The transformation was not easy. McKown writes that it became clear
that business services would be more profitable around 1999, but the company
was tied to its dialup rootsand to its three- and five-year PRI
contracts. "That was a painful time because it felt like we were being
held back from growing. We were. Those telco PRI contracts stunted our
growth and nearly killed us. Today, it is a lot easier to renegotiate
contracts with telcos, but back then it was impossible."
It was a very tough time for every ISP. "A vice president at a regional
CLEC told me we were one of his few ISP customers who always paid the
bills on timescary."
Things were worse, however, in Canada:
I remember being at an ISPCon event and hearing a Canadian ISP owner
warning of the impending doom that Cable and DSL were going to bring
to the US market. He said that "we are a little ahead of you guys up
in Canada in terms of broadband (which they were), so what happens here
will most likely hit you next". I remember sitting there and thinking
"we are going to be a design and application company".
It was time to change:
That was in 1999. The first step to change for us was to cut all possible
costs associated with dialup, including marketing. Every dialup advertisement
was pulled. The year was 2001. This felt like business suicide at the
time, but it was a risk we needed to take so that we could take the
limited resources we had at the time and put them towards building our
datacenter and bringing in new talent. We had thirteen employees in
1999 and by 2001 we had downsized to about seven.
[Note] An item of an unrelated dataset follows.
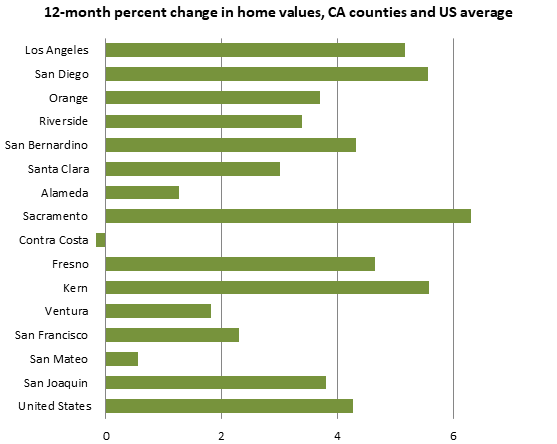 The graph below shows appreciation over the past 12 months for the state’s 15 largest counties. The San Francisco Bay Area has some of the most expensive housing in the nation, but the five Bay Area counties among this group (Alameda, Contra Costa, San Francisco, San Mateo, and Santa Clara) have all seen recent appreciation below the national average rate and Contra Costa has in fact seen a decline.
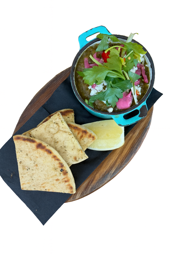 Tomatillo, poblano, cannellini beans, kale, spinach, dill yogurt, feta, poached eggs, pickled onion, pumpkin seeds, Za'atar pita chips

But business did turn around, and Delaware.net is stronger than ever:
We didn't lay a lot of people off, we just resisted rehiring after
normal turnover. Today our head count is back at up, and we even have
two boomerangs (employees that left and ended up coming back), and a
third boomerang that now wants to come back as well. I think the reason
we have so many boomerangs has a lot to do with the culture of our small
company. Everyone is pretty passionate about what they do here, and
after you work with a group like that it is hard to punch a clock and
work with a lot of coasters somewhere else. Our revenue per employee
and revenue per customer is much higher than it was five years ago.
The ISP made the transition before the monopolies invaded:
When Cable and DSL finally hit our area, more and more modems sat
empty and the cash flow management could have destroyed us if we were
not already pushing domain registrations, shared hosting, ecommerce,
web design, and other services to make up the difference of the lost
dialup revenue. We watched pretty much all of the local large
dialup ISPs try to launch facilities-based DSL, and the cash burn rate
set them on fire. They are all gone. Some quietly got sold in the middle
of the night without much fanfare. Once we were able to outsource dialup,
it did not matter what our modem-to-user ratio was. If a dialup customer
left us, or did not connect in a particular month, we did not have to
pay the outsource company for that user. What a concept! Moving away
from dialup also meant moving away from broadband sales for us. When
local companies could get cable for a fraction of the cost of a T-1,
they would. And when they would save a ton of money by getting voice
and data together on a voice/data T-1, they would. So our company mantra
became "We won't just sell the wire anymore, because anyone can sell
a wire. To add value, we need to sell what goes through the wire to
build loyalty." This remains true for us today.